Start at the line in the entries below that contains "چرا که عالم", stop at the line that contains "성물, 방어탑, 바리케이트를 강화 합니다.", and output exactly the lines in that span, both ends included.

◇ ◇ ◇ ◇ ◇ ◇ ◇

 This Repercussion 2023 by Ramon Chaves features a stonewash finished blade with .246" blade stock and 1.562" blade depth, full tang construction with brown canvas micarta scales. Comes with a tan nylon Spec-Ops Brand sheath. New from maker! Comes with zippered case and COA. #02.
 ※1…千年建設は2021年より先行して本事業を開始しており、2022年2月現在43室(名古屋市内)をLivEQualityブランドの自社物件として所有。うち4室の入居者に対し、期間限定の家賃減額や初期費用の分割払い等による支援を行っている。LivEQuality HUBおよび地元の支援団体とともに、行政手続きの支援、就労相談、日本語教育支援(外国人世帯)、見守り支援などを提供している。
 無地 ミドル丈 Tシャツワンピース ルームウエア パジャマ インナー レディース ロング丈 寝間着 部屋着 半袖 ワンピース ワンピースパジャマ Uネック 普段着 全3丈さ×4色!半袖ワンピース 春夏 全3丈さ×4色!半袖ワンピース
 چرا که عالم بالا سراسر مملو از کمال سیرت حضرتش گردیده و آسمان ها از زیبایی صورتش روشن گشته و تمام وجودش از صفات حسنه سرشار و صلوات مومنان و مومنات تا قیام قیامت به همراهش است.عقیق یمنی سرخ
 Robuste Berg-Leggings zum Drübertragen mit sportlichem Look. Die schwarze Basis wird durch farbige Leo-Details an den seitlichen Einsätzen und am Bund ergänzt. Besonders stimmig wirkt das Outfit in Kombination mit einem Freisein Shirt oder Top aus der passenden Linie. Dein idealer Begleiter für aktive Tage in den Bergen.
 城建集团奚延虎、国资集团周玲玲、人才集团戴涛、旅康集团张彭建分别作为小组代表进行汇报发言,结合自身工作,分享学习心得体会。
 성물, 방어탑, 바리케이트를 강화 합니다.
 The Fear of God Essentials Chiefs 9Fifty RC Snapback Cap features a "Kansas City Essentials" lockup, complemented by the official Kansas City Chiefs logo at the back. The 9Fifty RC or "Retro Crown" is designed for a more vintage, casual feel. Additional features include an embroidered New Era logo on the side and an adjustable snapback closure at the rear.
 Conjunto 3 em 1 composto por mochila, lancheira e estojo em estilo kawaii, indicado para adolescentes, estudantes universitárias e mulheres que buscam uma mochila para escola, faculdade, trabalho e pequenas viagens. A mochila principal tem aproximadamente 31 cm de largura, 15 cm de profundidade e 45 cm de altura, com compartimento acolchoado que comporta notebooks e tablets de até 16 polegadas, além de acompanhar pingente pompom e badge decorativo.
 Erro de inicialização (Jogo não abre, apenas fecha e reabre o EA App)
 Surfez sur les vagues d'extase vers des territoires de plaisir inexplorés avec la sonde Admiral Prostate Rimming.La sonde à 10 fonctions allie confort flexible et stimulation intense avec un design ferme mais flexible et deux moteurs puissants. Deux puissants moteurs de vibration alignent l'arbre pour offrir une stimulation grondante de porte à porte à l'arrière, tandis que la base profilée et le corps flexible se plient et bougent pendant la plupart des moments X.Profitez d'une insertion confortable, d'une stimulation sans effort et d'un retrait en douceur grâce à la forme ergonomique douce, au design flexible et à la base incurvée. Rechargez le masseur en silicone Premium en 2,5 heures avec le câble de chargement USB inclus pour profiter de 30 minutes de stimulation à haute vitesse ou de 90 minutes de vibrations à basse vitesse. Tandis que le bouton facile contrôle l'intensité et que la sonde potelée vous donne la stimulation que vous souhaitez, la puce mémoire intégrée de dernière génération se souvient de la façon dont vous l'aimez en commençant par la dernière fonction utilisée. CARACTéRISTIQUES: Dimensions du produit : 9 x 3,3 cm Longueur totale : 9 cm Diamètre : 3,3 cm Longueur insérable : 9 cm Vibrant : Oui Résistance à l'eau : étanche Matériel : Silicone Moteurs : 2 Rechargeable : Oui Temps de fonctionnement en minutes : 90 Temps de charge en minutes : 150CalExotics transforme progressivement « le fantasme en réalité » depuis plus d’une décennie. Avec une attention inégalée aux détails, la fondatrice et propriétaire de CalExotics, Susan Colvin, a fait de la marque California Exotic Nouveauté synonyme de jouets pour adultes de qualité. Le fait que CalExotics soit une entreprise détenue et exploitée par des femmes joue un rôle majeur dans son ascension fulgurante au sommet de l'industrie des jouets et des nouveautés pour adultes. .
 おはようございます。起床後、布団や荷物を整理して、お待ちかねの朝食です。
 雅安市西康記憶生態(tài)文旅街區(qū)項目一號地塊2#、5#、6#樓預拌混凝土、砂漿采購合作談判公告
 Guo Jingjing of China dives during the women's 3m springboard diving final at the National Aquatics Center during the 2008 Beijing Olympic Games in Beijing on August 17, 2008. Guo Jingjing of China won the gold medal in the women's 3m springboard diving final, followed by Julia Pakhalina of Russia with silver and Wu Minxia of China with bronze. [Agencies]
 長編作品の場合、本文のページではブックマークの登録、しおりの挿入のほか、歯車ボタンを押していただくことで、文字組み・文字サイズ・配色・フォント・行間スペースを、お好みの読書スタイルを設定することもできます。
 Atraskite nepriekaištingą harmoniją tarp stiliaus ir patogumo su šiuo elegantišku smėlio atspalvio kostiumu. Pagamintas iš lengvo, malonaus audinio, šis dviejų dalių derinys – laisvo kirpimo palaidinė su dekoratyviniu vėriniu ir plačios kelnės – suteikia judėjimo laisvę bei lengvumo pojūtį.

◇ ◇ ◇ ◇ ◇ ◇ ◇

**RESULT OF THIS TASK:**
 چرا که عالم بالا سراسر مملو از کمال سیرت حضرتش گردیده و آسمان ها از زیبایی صورتش روشن گشته و تمام وجودش از صفات حسنه سرشار و صلوات مومنان و مومنات تا قیام قیامت به همراهش است.عقیق یمنی سرخ
 Robuste Berg-Leggings zum Drübertragen mit sportlichem Look. Die schwarze Basis wird durch farbige Leo-Details an den seitlichen Einsätzen und am Bund ergänzt. Besonders stimmig wirkt das Outfit in Kombination mit einem Freisein Shirt oder Top aus der passenden Linie. Dein idealer Begleiter für aktive Tage in den Bergen.
 城建集团奚延虎、国资集团周玲玲、人才集团戴涛、旅康集团张彭建分别作为小组代表进行汇报发言,结合自身工作,分享学习心得体会。
 성물, 방어탑, 바리케이트를 강화 합니다.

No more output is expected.